Kasparov: Hello, Bret. Thank you very much for joining the show.

Bret Stephens: Good to see you, Garry.

Kasparov: So when did we meet the first time, Bret? It was a long, long, long time ago.

Stephens: Yes, I actually remember the occasion very vividly. You were a contributing editor—

Kasparov: For The Wall Street Journal.

Stephens: For The Wall Street Journal. And you came in for lunch with Bob Bartley. And someone walked past my cubicle and said, Hey, do you wanna have lunch with Garry Kasparov? And I jumped out of my seat. And so I remember that precisely.

Kasparov: You moved to The Wall Street Journal from The Jerusalem Post.

Stephens: Well, I had been at The Wall Street Journal, and then after 9/11, they hired me for The Jerusalem Post. I was there for nearly three years during the second Intifada and then came back to the Journal and had a very happy career until another event.

Kasparov: Exactly. I remember this. We talked about a rising star in GOP politics, Donald Trump. I remember that you were quite worried about Donald Trump after meeting him at this luncheon at The Wall Street Journal. It was the beginning of 2016. And you were full of emotions.

Stephens: Well, you know, so I had written a column in 2015, essentially comparing Donald Trump to Hugo Chávez of Venezuela. And apparently Trump was infuriated by the column. So what followed was this dance in which, at various points, he was threatening to sue the The Wall Street Journal, then he was demanding a meeting, and finally the meeting happened.

And when the meeting occurred, in fact, he was very ingratiating. You know, he gave me a big handshake. He said, Oh, you’re a killer, you’re a killer. And yet by then he was already the clear front-runner for the nomination. And what of course he did understand, perhaps much better than I, was the psychology of the conservative movement as he found it and, I think, the psychology of mass media, mass persuasion of the reality-TV show. I think if we look at it now, one plausible interpretation of everything Trump does—plausible, I don’t think it’s convincing, but plausible—is that for him, it’s just a reality-TV show. It could be Love Island, except it involves ICBMs.

Kasparov: So you were one of the staunchest Never Trumpers back in 2016, 2017. At one point you softened the edges, you know—this is the column that you wrote, “I Was Wrong About Trump Voters.” Just tell us about this journey. So from 2017 to 2024. So, is it based on your reevaluation of the whole political situation and Trump’s impact on American democracy?
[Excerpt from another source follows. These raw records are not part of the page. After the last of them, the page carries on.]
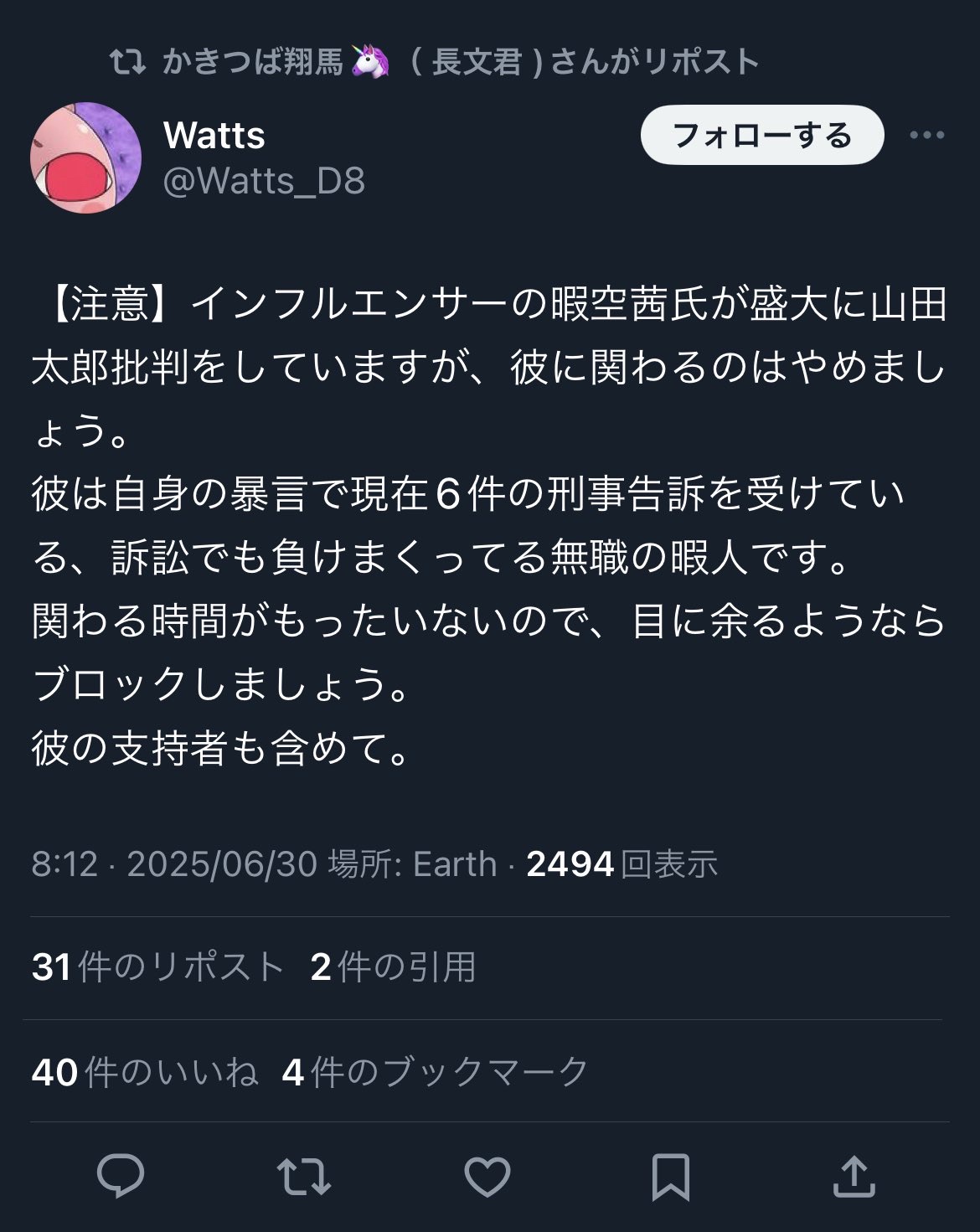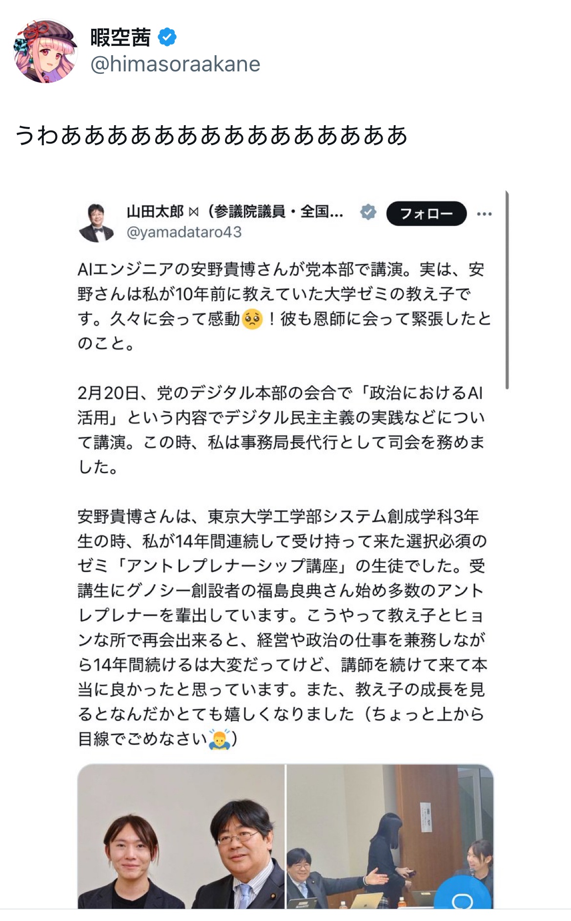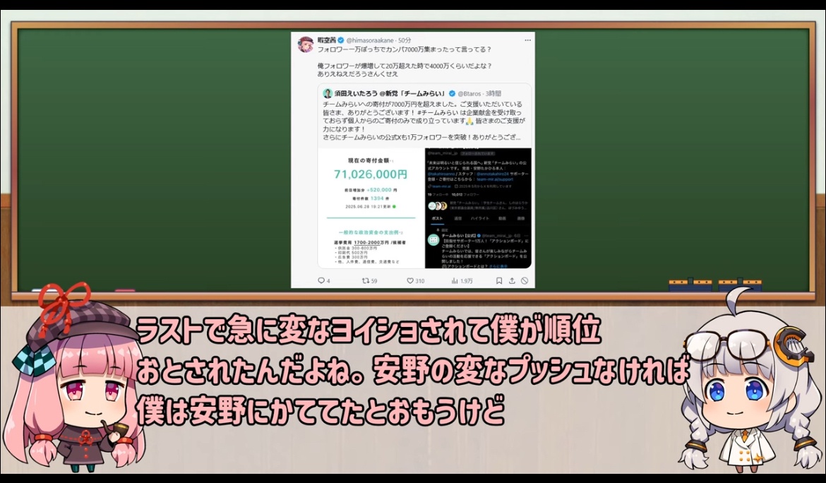 暇空茜ブチギレ「安野たかひろはうさんくさい。本当なら俺は都知事選で安野に勝てていた。安野とつるむ山田太郎もクソ」
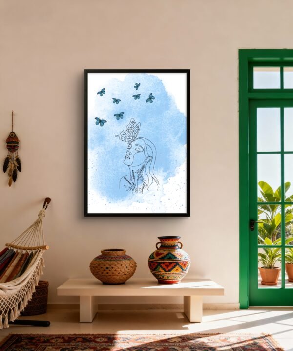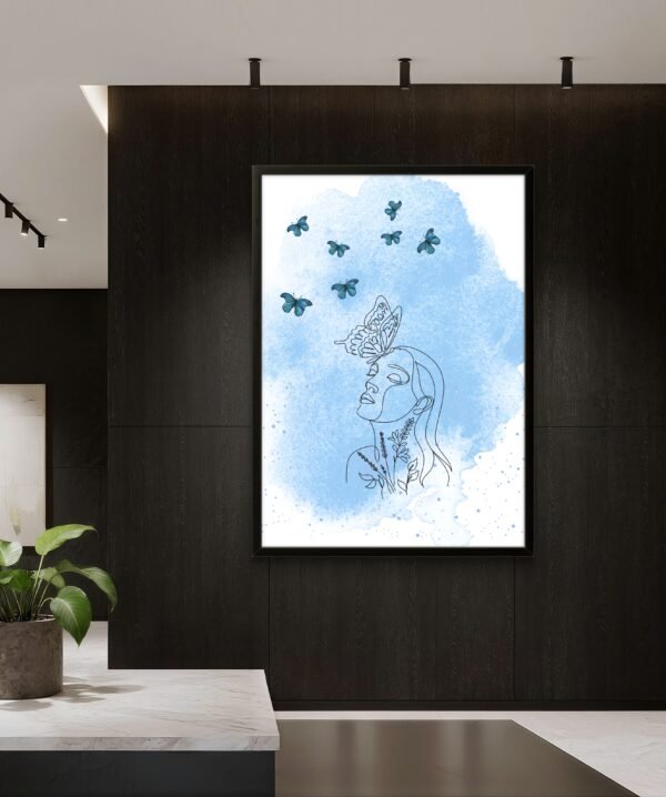 Capture the color of a dream. This ethereal artwork, Celestial Daydream, blends a linear female portrait with the delicate magic of a butterfly, all rendered in soothing shades of blue. It feels like a frozen moment of imagination and tranquility, inviting you to embrace your own daydreams and the quiet wisdom they hold. A whimsical and calming addition to any creative space or bedroom.
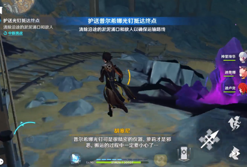 任务触发位置位于层岩巨渊主矿区上方传送点正下方,热气球沿铁轨移动至蓝色箭头标记的终点。运输过程中,热气球遭遇黑泥或魔物时会暂停前进,需及时清理才能恢复移动。黑泥会强化范围内魔物的攻击与防御,并持续对角色造成伤害,建议优先使用流明石触媒净化淤泥涌口,再处理剩余敌人。沿途分布白色光柱可补充3格能量,充能灯也会周期性刷新,需合理规划净化路线。
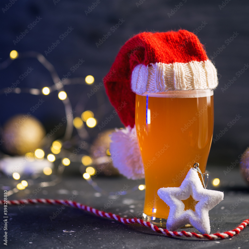 Christmas ale glass in Santa's festive hat. Christmas party close up
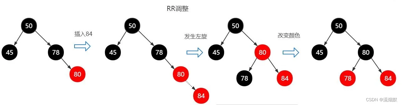 RR调整如下所示,同LL调整一样,先旋转后改变颜色:
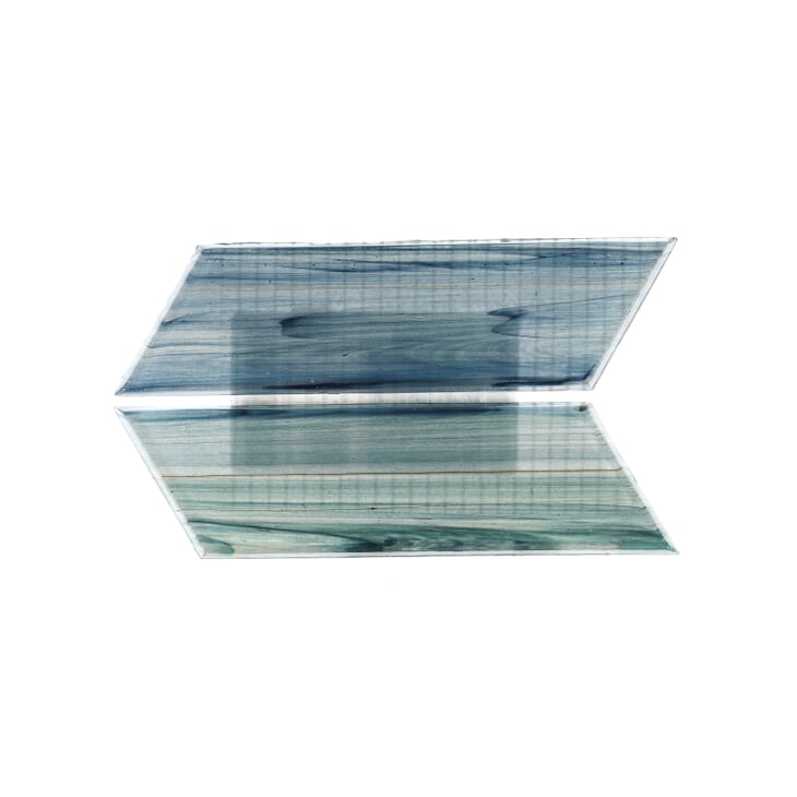 Introduce true artistry into your space with the Maya Collection. With a stained glass appearance, these glass mosaics provide a sense of movement and fluidity within any design. The collection is created in two formats: a unique, stacked mosaic that has an inverted dimensional line in the center and a chevron that can be laid horizontally for a trapezoid subway look. These pieces have gorgeous texture and aquatic-jewel tone colors, and will add a sparkle to any accent wall, powder room or bathroom wall.
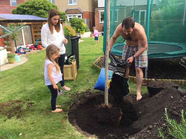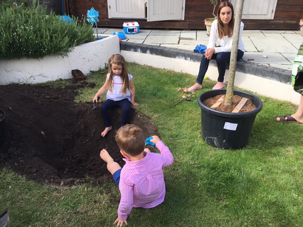 Idag anlände jag till Bournemouth efter en perfekt flight, vi anlände 30 minuter före utsatt tid och hela familjen var där och mötte. Väl hemma sattes man i arbete då ett träd skulle planteras i deras underbara trädgård. Efter lek med barnen serverades en god middag.
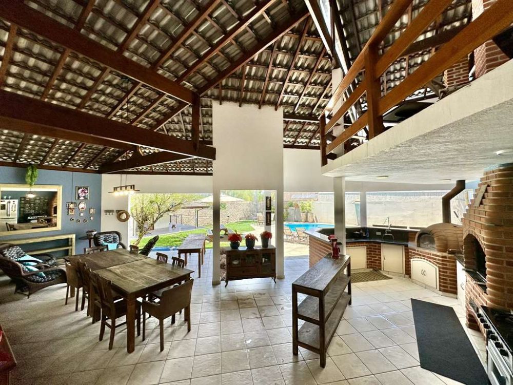 - Área gourmet com balcão, tampo em granito, cuba inox, forno e fogão à lenha, forno de pizza, churrasqueira e gabinetes.
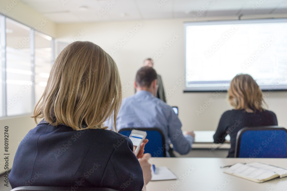 close up rear view of the woman watching mobile in a class
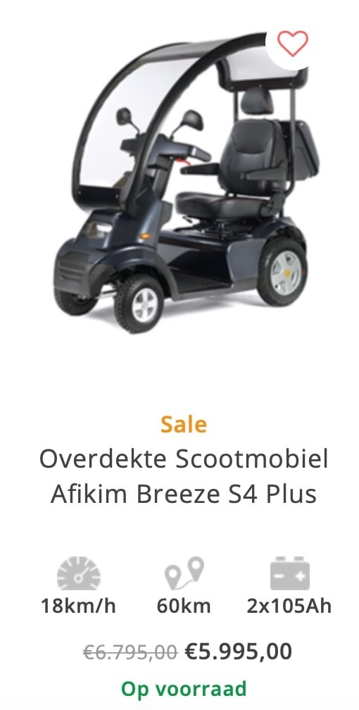- Overdekte Scootmobiel Afikim Breeze S4 PlusLaat een reactie achter- Overdekte Scootmobiel Afikim Breeze S4 Plus- De nieuwe Afikim Breeze S4 Plus Overdekte scootmobiel zorgt voor maximale bescherming en veiligheid van de bestuurder. Dankzij de perfecte ergonomie en zijn uitstekende rijcomfort is dit één van de meest toonaangevende scootmobielen in zijn categorie. - Dit luxe overdekte voertuig met een bewezen staat van dienst van hoge kwaliteit en langdurige betrouwbaarheid, zorgt voor comfortabel reizen en veiligheid. Dit allemaal op verschillende soorten terreinen zoals ruw terrein (met GT wielen). - Een enkele of een dubbele zitting, het model met 3 wielen (maximale wendbaarheid) of het model met 4 wielen (ultieme stabiliteit), welke keuze u ook maakt deze zal perfect bij u passen. - De Overdekte Afikim Scootmobiel Afikim Breeze S4 Plus is voorzien van een geavanceerd elektronisch systeem met een programmeerbaar bedieningspaneel met LCD scherm, waarop de gereden afstand afgelezen kan worden. Ergonomisch ontworpen en verstelbaar zodat de scooter aan de exacte eisen van de gebruiker kan voldoen. - De Overdekte Breeze S4 Plus Scootmobiel is volledig geveerd en voorzien van schokdempers. De luxe zitting is volledig instelbaar voor optimaal comfort en de scooter is voorzien van LED verlichting. - Achterop de rugleuning is een boodschappenkoffer bevestigd en voorop zit een handig boodschappenmandje. Voorzien van 2 spiegels en vele extra afsluitbare opbergvakken maken de Afikim Breeze S4 Plus Overdekte Scootmobiel compleet. - Lithium accuset in de scootmobiel - Lange levensduur
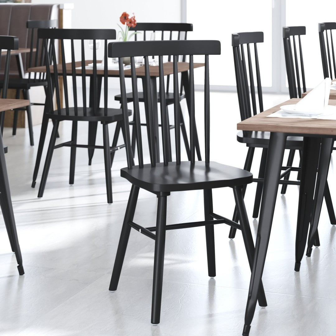 Refresh your space with timeless Windsor styling and commercial-grade durability. These armless spindle-back chairs blend classic schoolhouse charm with cottage comfort, offering a polished high-gloss finish and a saddled seat for extended comfort. Built from premium solid rubberwood, they’re designed for both busy hospitality environments and everyday residential use—easy to clean, low-maintenance, and ready to use right out of the box.
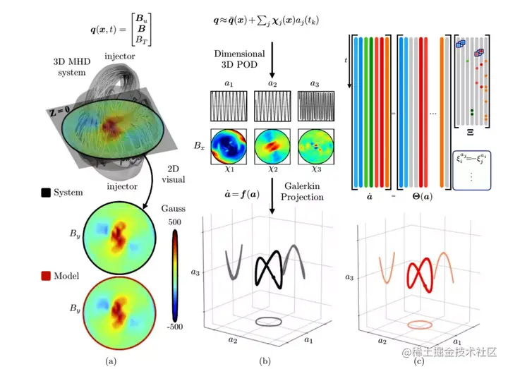 图示:填充等离子体模型层次结构较低层级方法:(a) 收集数据,(b) 执行基于投影的模型简化, (c) 使用物理约束系统识别发现数据驱动模型。(来源:论文)

Stephens: Well, you know, the first line I wrote about Trump in that 2015 column when he first came on the scene, I think the line went something like, If by now you don’t find Donald Trump appalling, you’re appalling. So it was an indictment of the voter himself or herself.

Kasparov: Back in 2015?

Stephens: In 2015. And basically my point was: If you listen to his bigotry, to the inanity of so much of what he says, and you say, Well, he’s the guy for me, well then, you know, ultimately in a democracy, it’s the voter who puts the man into office. My attitude toward Trump at the time, and I think certainly the attitude of most Democrats, was, If you like this guy, you are a bad person. And telling voters they are bad people for their likes, political likes or dislikes, is not going to win them to your cause. It’s just not. It’s bad politics. Abraham Lincoln liked to quote this proverb that a drop of honey kills more flies than a gallon of gall. And I think now you listen to a lot of Democratic leaders, and the theme that is finally emerging in the Democratic Party is: We need to listen to the Trump voter. We need to meet that Trump voter where he is. We have to stop condescending. We have to stop calling them names, because if we do, we’re simply going to strengthen the very movement that we’re seeking to defeat.

Kasparov: So it’s politics now. You think that we need a new appeal to the Trump voter, or—

Stephens: Well, two things. It’s politics as well as policy. You know, at the end of 2024, after Trump won, I wrote a follow-on column called “Done With Never Trump,” and it was widely misinterpreted. I wasn’t saying that Trump was gonna be a great president or that I had changed my mind about him. But what I was done with was a certain style of politics that became kind of typified by some of my friends—real friends, personal friends in the Never Trump movement—which was this constant, obsessive loathing of the man and his movement and everything he represents, and an assumption that if Trump has done it or said it or thought it, it’s a lie, it’s dangerous and so on. And I just thought that that style of politics was bound to fail.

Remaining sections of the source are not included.